In the case of Michael Kwang Huh, 50, a self-employed insurance broker, the lessons gleaned from his first working experience provided insights into future life-direction and proper work habits.

At 20 years-old, Huh began his professional career as a salesman for El Dorado Apparel, a wholesale clothing company in the downtown Los Angeles garment district. “At the time I wasn’t sure what I wanted to do with my life,” said Huh. “As far as education goes, I didn’t know if I wanted to go further, so until I got to find out, I wanted to work for someone.” At the time, Huh had not enrolled in college, so he used his time at El Dorado to gain experience in the working world and consider his future plans.

Huh’s primary duty entailed showing potential retailers merchandise in a showroom filled with women’s apparel. If the retailer decided to purchase some merchandise, Huh would then pack the apparel in boxes and facilitate the transaction. While performing these duties, Huh learned the value of maintaining positive relations with his buyers.

Huh said, ”I learned about good customer service. I also began to enjoy working with people on a personal level. When you give good service, you also gain something in return.”

Although Huh mentions that he was more or less satisfied with his job, he also says that he felt a longing for something more out of his life. He knew that he wouldn’t stay at El Dorado forever, and began to believe that without a college education, he would not feel he could attain a fulfilling career.

“When you work for someone, sometimes you feel less satisfaction with your job. The more I started thinking about going back to school, the more I realized I could pursue the kind of job that I would like.”

The dilemma Huh experienced at El Dorado points to an interesting dynamic at work for those of immigrant descent, where first jobs are usually considered stepping stones for further career advancement. Financial self-sufficiency, combined with societal recognition, are key factors that drive children of immigrants to pursue jobs with higher income and prestige.

“I think [societal pressure to succeed] definitely was a big factor because as I said I didn’t want to work at this for the rest of my life; it felt like I could do better than that. The job itself wasn’t that bad.”

Family pressure also influenced Huh’s feelings about his first job. Though his parents did not directly pressure him, his two older brothers persuaded Huh that getting a college degree would enable him to find a more satisfying job.

These social stigmas, stemming from societal and familial pressure, contribute to the perception of entry-level jobs as just that – jobs that enable someone to gain entry into the working world so that a certain set of experiences and skills can be acquired for further advancement. The job is not seen as an end in itself, but rather as a low-paying, oftentimes denigrating form of employment that does not positively contribute to society.
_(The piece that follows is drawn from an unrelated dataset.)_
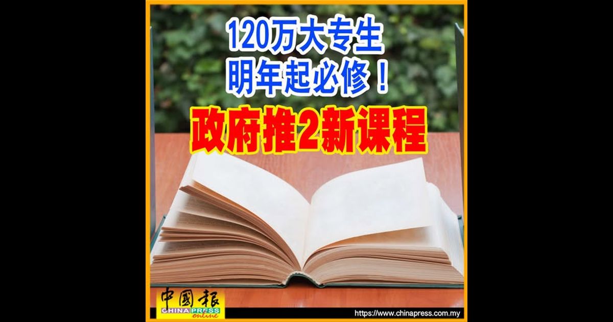 高教部一般科目课程重组委员会副主席拿督斯里沙苏阿姆里说,预计超过120万名学生将修读这两门新课程,其中包括理工学院与社区学院的学生。

Nonetheless, Huh sees the value in entry-level jobs as integral in fostering a good work ethic, regardless of the position they occupy on the social spectrum. “People look down on all of those little jobs, but it’s part of the experience. You learn something from those jobs, so you use the skills that you gained at those jobs in the future. I’m still using those skills gained at previous jobs in my current career.”

Currently, Huh owns an insurance brokerage that facilitates appointments between commercial businesses and insurance companies. After graduating from UC Berkeley with a degree in mathematics, Huh worked in various fields of work, such as owning a women’s apparel store, cleaning pools, and working for an insurance company (prior to operating his own brokerage). Today, Huh feels fulfilled in his career and hopes to continue to grow his business. But he never forgets the experiences that led up to his success.

“I’m fortunate to be here. If it weren’t for the lessons I learned in my previous jobs, I wouldn’t be where I’m at.”